This problem was interesting as I've often wondered myself. I did a couple tests and found some interesting results. If I open up one connection to a server and wait 60 seconds it was invariably cleaned up(never got to 0.00/0/0). If I opened 100 connections, they too were cleaned up after 60 seconds. If I opened 101 connections I would start to see connections in the state you menitoned(that I've also seen before). And they appear to last roughly 120s or 2xMSL(which is 60) regardless of what fin_timeout is set to.

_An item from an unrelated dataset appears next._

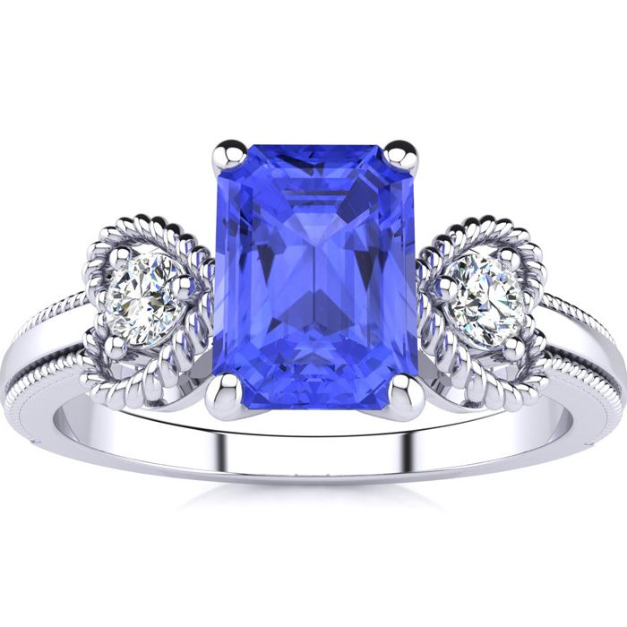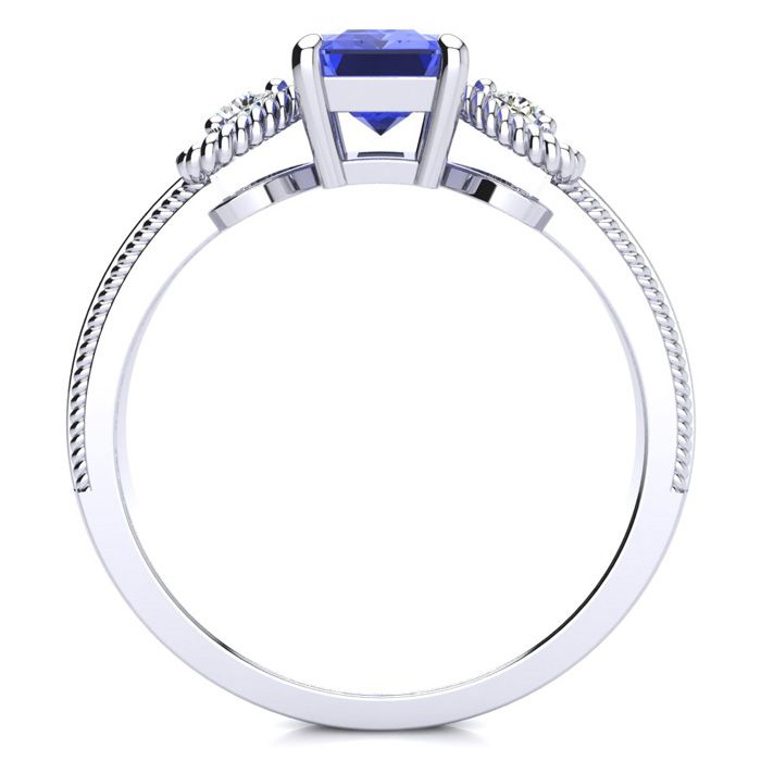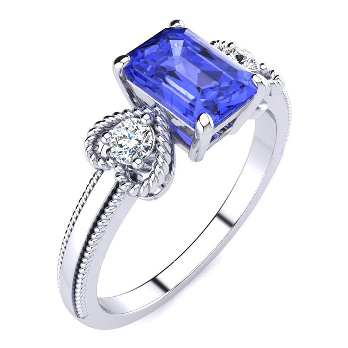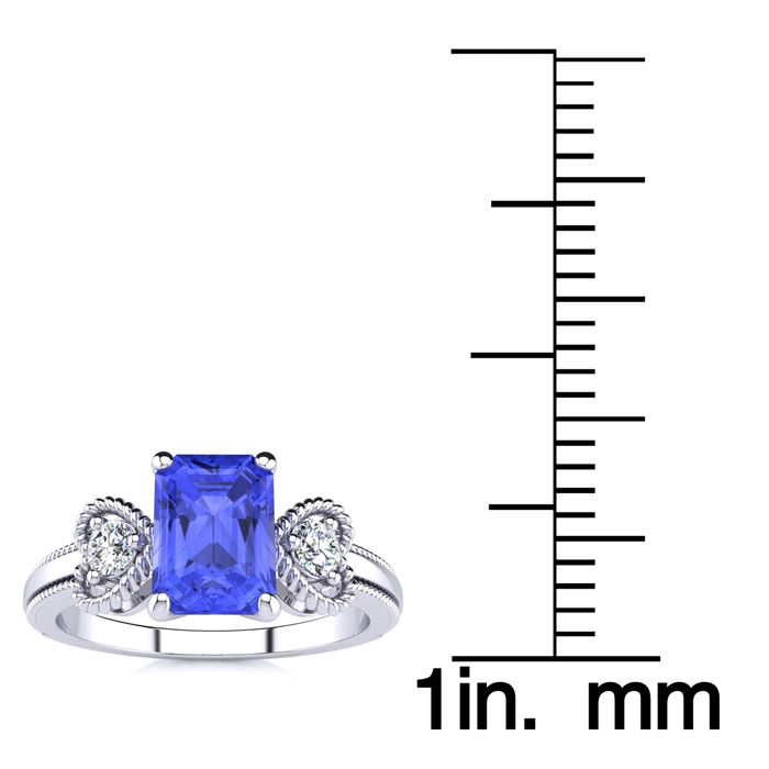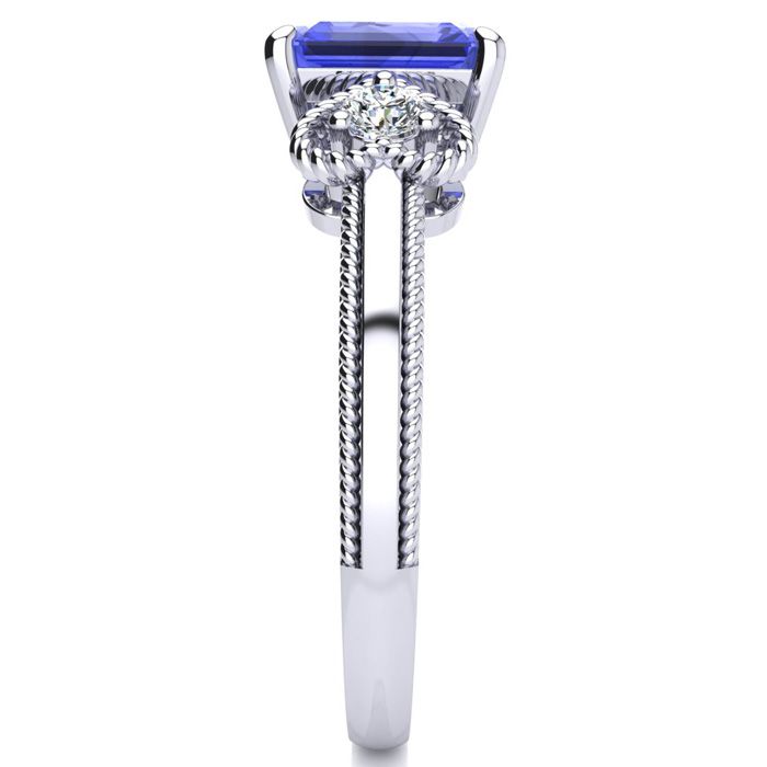 This stunning gemstone and diamond ring features one 7x5mm emerald cut tanzanite gemstone at 1.15 carats. It is surrounded by 2 sparkling diamonds in a heart in I-J color, I1-I2 clarity at 0.12 carats. Total gem weight is 1.27 carats. This ring is crafted in 10 karat white gold.

I did some digging in the kernel source code and found what I believe is the 'reason'. There appears to be some code that tries to limit the amount of socket reaping that happens per 'cycle'. The cycle frequency itself is set on a scale based on HZ:
linux-source-2.6.38/include/net/inet_timewait_sock.h:
35 #define INET_TWDR_RECYCLE_SLOTS_LOG 5
36 #define INET_TWDR_RECYCLE_SLOTS (1 << INET_TWDR_RECYCLE_SLOTS_LOG)
37
38 /*
39 * If time > 4sec, it is "slow" path, no recycling is required,
40 * so that we select tick to get range about 4 seconds.
41 */
42 #if HZ <= 16 || HZ > 4096
43 # error Unsupported: HZ <= 16 or HZ > 4096
44 #elif HZ <= 32
45 # define INET_TWDR_RECYCLE_TICK (5 + 2 - INET_TWDR_RECYCLE_SLOTS_LOG)
46 #elif HZ <= 64
47 # define INET_TWDR_RECYCLE_TICK (6 + 2 - INET_TWDR_RECYCLE_SLOTS_LOG)
48 #elif HZ <= 128
49 # define INET_TWDR_RECYCLE_TICK (7 + 2 - INET_TWDR_RECYCLE_SLOTS_LOG)
50 #elif HZ <= 256
51 # define INET_TWDR_RECYCLE_TICK (8 + 2 - INET_TWDR_RECYCLE_SLOTS_LOG)
52 #elif HZ <= 512
53 # define INET_TWDR_RECYCLE_TICK (9 + 2 - INET_TWDR_RECYCLE_SLOTS_LOG)
54 #elif HZ <= 1024
55 # define INET_TWDR_RECYCLE_TICK (10 + 2 - INET_TWDR_RECYCLE_SLOTS_LOG)
56 #elif HZ <= 2048
57 # define INET_TWDR_RECYCLE_TICK (11 + 2 - INET_TWDR_RECYCLE_SLOTS_LOG)
58 #else
59 # define INET_TWDR_RECYCLE_TICK (12 + 2 - INET_TWDR_RECYCLE_SLOTS_LOG)
60 #endif
61
62 /* TIME_WAIT reaping mechanism. */
63 #define INET_TWDR_TWKILL_SLOTS 8 /* Please keep this a power of 2. */
The number of slots is also set here:
65 #define INET_TWDR_TWKILL_QUOTA 100
In the actual timewait code you can see where it uses the quote to stop killing off TIME_WAIT connections if its already done too many:
linux-source-2.6.38/net/ipv4/inet_timewait_sock.c:
213 static int inet_twdr_do_twkill_work(struct inet_timewait_death_row *twdr,
214 const int slot)
215 {
...
240 if (killed > INET_TWDR_TWKILL_QUOTA) {
241 ret = 1;
242 break;
243 }
Theres more information here on why HZ is set to what it is:
http://kerneltrap.org/node/5411
But it isn't uncommon to increase it. I think however its usually more common to enable tw_reuse/recycling to get around this bucket/quota mechanism(which seems confusing to me now that I've read about it, increasing HZ would be a much safer and cleaner solution). I posted this as an answer but I think there could be more discussion here about what the 'right way' to fix it is. Thanks for the interesting question!